■ Aim of the task
Give the entries below again, word for word, and leave out the images.

■ The records
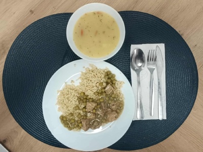 Wieprzowina duszona (100g) z groszkiem zielonym, kasza bulgur(2) (180g), zupa koperkowa(4).
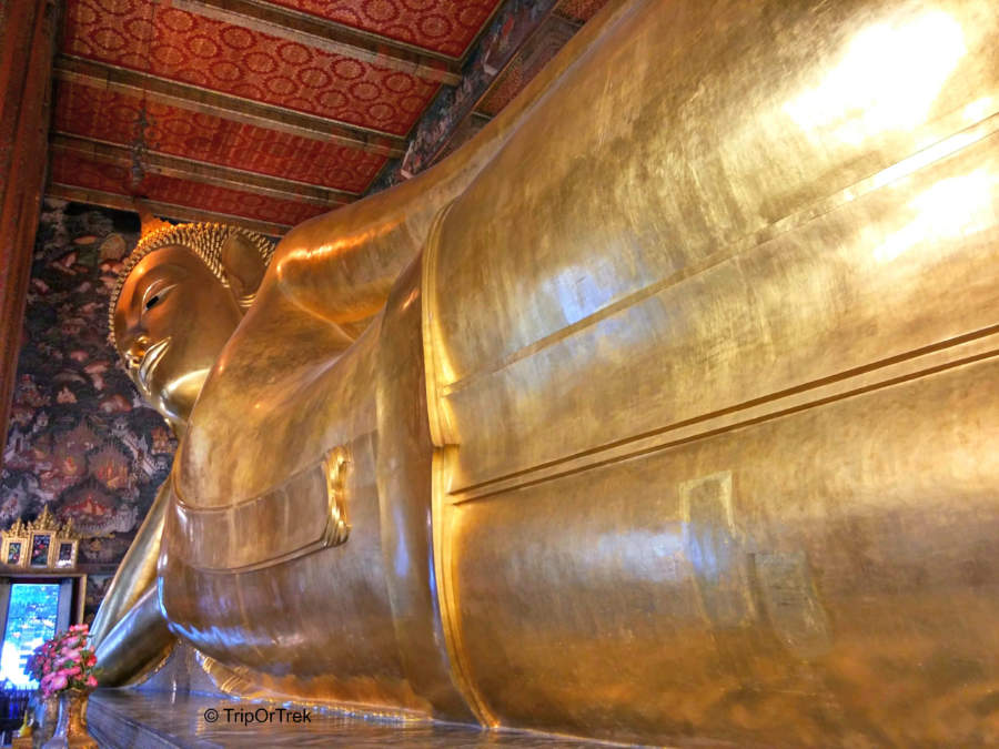 3) Wat Pho: il tempio più grande della città ospita il famoso Buddha disteso. Costruita nel 1832, la statua di Buddha è lunga 46 metri ed alta 15 ed ha gli occhi e le piante dei piedi intarsiati di madre perla.
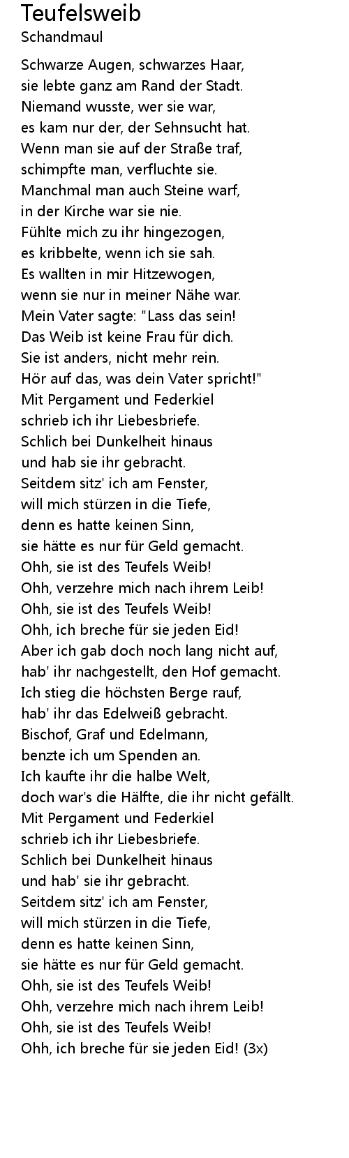 | Ohh, ich breche für sie jeden Eid! (3x) |
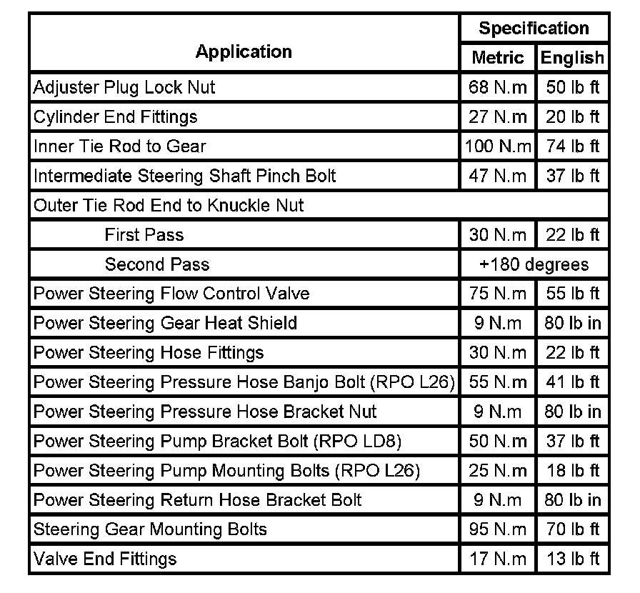 Fastener Tightening Specifications:
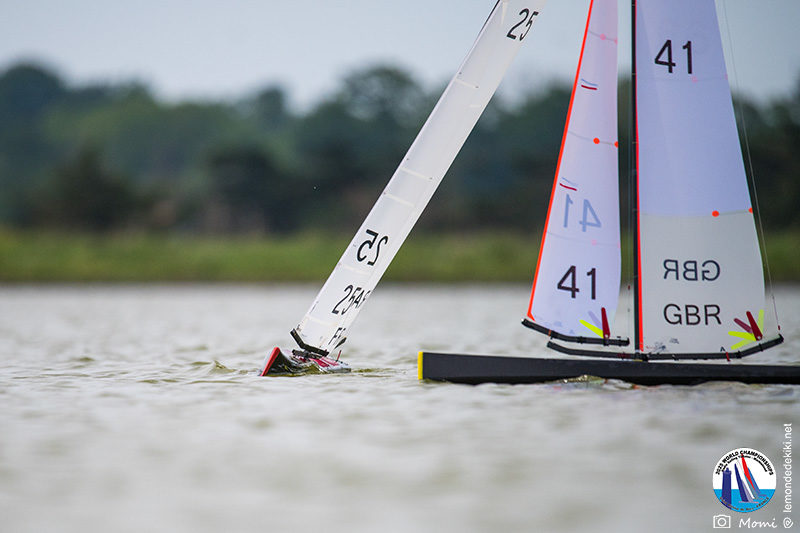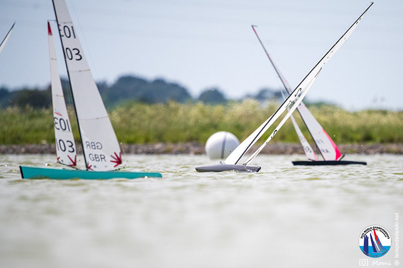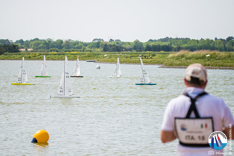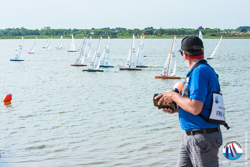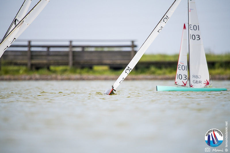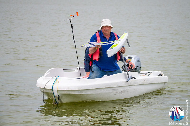 L’actuel président de l’IMCA (Internationale Marblehead Class Associtaion), était en flotte B pour les répartitions. Depuis, il profite des flottes A/B/C et multiplie donc les courses. C’est une bonne façon de profiter au maximum du plan d’eau ! 😀 C’est donc sans surprise qu’il « navigue » entre la 34ième et 22ième place au général provisoire. A noter tout de même, deux belles places de 10 sur la C4 et C5. Il ne se cache pas de ne pas avoir pris assez de temps pour s’entrainer avant de venir à Saint-Hilaire-de-Riez, mais reconnait qu’il aurait pu faire mieux avec son chouette Niou Niou. Nigel, du haut de ses 53 ans, a toujours navigué ou presque. Dès son plus jeune âge, ses parents avaient leur voilier et l’embarquaient dans leurs navigations du WE et des vacances d’été. Vers ses 9 ans, pour l’occuper le soir quand ils étaient au port, il a eu son premier voilier RC. Ce n’est que 25 ans plus tard, qu’il s’achète un Marblehead, en 2006. C’est en 2012 qu’il participe à ses premiers championnats du Monde en France, à Ploermel. Il a participé ensuite à 3 autres championnats du Monde et participé à l’organisation de ceux de 2018 en Allemagne. Très motivé par sa fonction à l’IMCA, mais également en tant que concurrent, il souhaite rapidement trouver un hôte pour les prochains championnats du Monde, et poursuivre ainsi cette série qui a commencé en 2012… [And then some are just happy to be there at this international racing event. This is the case of Nigel Winkley GER03. The current president of the IMCA (International Marblehead Class Association) was in fleet B for the allocations. Since then, he’s been taking advantage of the A/B/C fleets and therefore racing more. It’s a good way to make the most of the race track! 😀 It’s therefore no surprise that he’s « sailing » between 34th and 22nd place in the provisional standings. It’s worth noting, however, two nice 10th-place finishes on the C4 and C5. He doesn’t hide the fact that he didn’t take enough time to train before coming to Saint-Hilaire-de-Riez, but admits he could have done better with his nifty Niou Niou. Nigel, at 53 years old, has almost always sailed. From a very young age, his parents had their sailboat and would take him on their weekend and summer vacation trips. Around the age of 9, to keep him busy in the evenings when they were at the port, he got his first RC sailboat. It wasn’t until 25 years later that he bought a Marblehead, in 2006. In 2012, he participated in his first World Championships in France, in Ploermel. He then participated in 3 other World Championships and helped organize the 2018 World Championships in Germany. Highly motivated by his role at the IMCA, but also as a competitor, he hopes to quickly find a host for the next World Championships, and thus continue this series that began in 2012…]
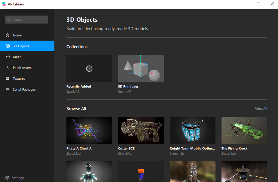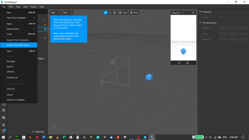 Окно просмотра может выглядеть очень сложно, но не забывайте использовать раздел учебников для получения инструкций по использованию каждой функции, если вы где-то застряли. В окне просмотра вам нужно будет добавить объект. Вы можете импортировать один из них или получить доступ к огромной библиотеке объектов Spark AR Studio. Мы собираемся использовать библиотеку AR для импорта объекта. Чтобы следовать, нажмите File в главном меню (вверху слева от приложения), затем нажмите Import from AR Library.

■ Exercise response
 Wieprzowina duszona (100g) z groszkiem zielonym, kasza bulgur(2) (180g), zupa koperkowa(4).
 3) Wat Pho: il tempio più grande della città ospita il famoso Buddha disteso. Costruita nel 1832, la statua di Buddha è lunga 46 metri ed alta 15 ed ha gli occhi e le piante dei piedi intarsiati di madre perla.
 | Ohh, ich breche für sie jeden Eid! (3x) |
 Fastener Tightening Specifications:
 L’actuel président de l’IMCA (Internationale Marblehead Class Associtaion), était en flotte B pour les répartitions. Depuis, il profite des flottes A/B/C et multiplie donc les courses. C’est une bonne façon de profiter au maximum du plan d’eau ! 😀 C’est donc sans surprise qu’il « navigue » entre la 34ième et 22ième place au général provisoire. A noter tout de même, deux belles places de 10 sur la C4 et C5. Il ne se cache pas de ne pas avoir pris assez de temps pour s’entrainer avant de venir à Saint-Hilaire-de-Riez, mais reconnait qu’il aurait pu faire mieux avec son chouette Niou Niou. Nigel, du haut de ses 53 ans, a toujours navigué ou presque. Dès son plus jeune âge, ses parents avaient leur voilier et l’embarquaient dans leurs navigations du WE et des vacances d’été. Vers ses 9 ans, pour l’occuper le soir quand ils étaient au port, il a eu son premier voilier RC. Ce n’est que 25 ans plus tard, qu’il s’achète un Marblehead, en 2006. C’est en 2012 qu’il participe à ses premiers championnats du Monde en France, à Ploermel. Il a participé ensuite à 3 autres championnats du Monde et participé à l’organisation de ceux de 2018 en Allemagne. Très motivé par sa fonction à l’IMCA, mais également en tant que concurrent, il souhaite rapidement trouver un hôte pour les prochains championnats du Monde, et poursuivre ainsi cette série qui a commencé en 2012… [And then some are just happy to be there at this international racing event. This is the case of Nigel Winkley GER03. The current president of the IMCA (International Marblehead Class Association) was in fleet B for the allocations. Since then, he’s been taking advantage of the A/B/C fleets and therefore racing more. It’s a good way to make the most of the race track! 😀 It’s therefore no surprise that he’s « sailing » between 34th and 22nd place in the provisional standings. It’s worth noting, however, two nice 10th-place finishes on the C4 and C5. He doesn’t hide the fact that he didn’t take enough time to train before coming to Saint-Hilaire-de-Riez, but admits he could have done better with his nifty Niou Niou. Nigel, at 53 years old, has almost always sailed. From a very young age, his parents had their sailboat and would take him on their weekend and summer vacation trips. Around the age of 9, to keep him busy in the evenings when they were at the port, he got his first RC sailboat. It wasn’t until 25 years later that he bought a Marblehead, in 2006. In 2012, he participated in his first World Championships in France, in Ploermel. He then participated in 3 other World Championships and helped organize the 2018 World Championships in Germany. Highly motivated by his role at the IMCA, but also as a competitor, he hopes to quickly find a host for the next World Championships, and thus continue this series that began in 2012…]
 Окно просмотра может выглядеть очень сложно, но не забывайте использовать раздел учебников для получения инструкций по использованию каждой функции, если вы где-то застряли. В окне просмотра вам нужно будет добавить объект. Вы можете импортировать один из них или получить доступ к огромной библиотеке объектов Spark AR Studio. Мы собираемся использовать библиотеку AR для импорта объекта. Чтобы следовать, нажмите File в главном меню (вверху слева от приложения), затем нажмите Import from AR Library.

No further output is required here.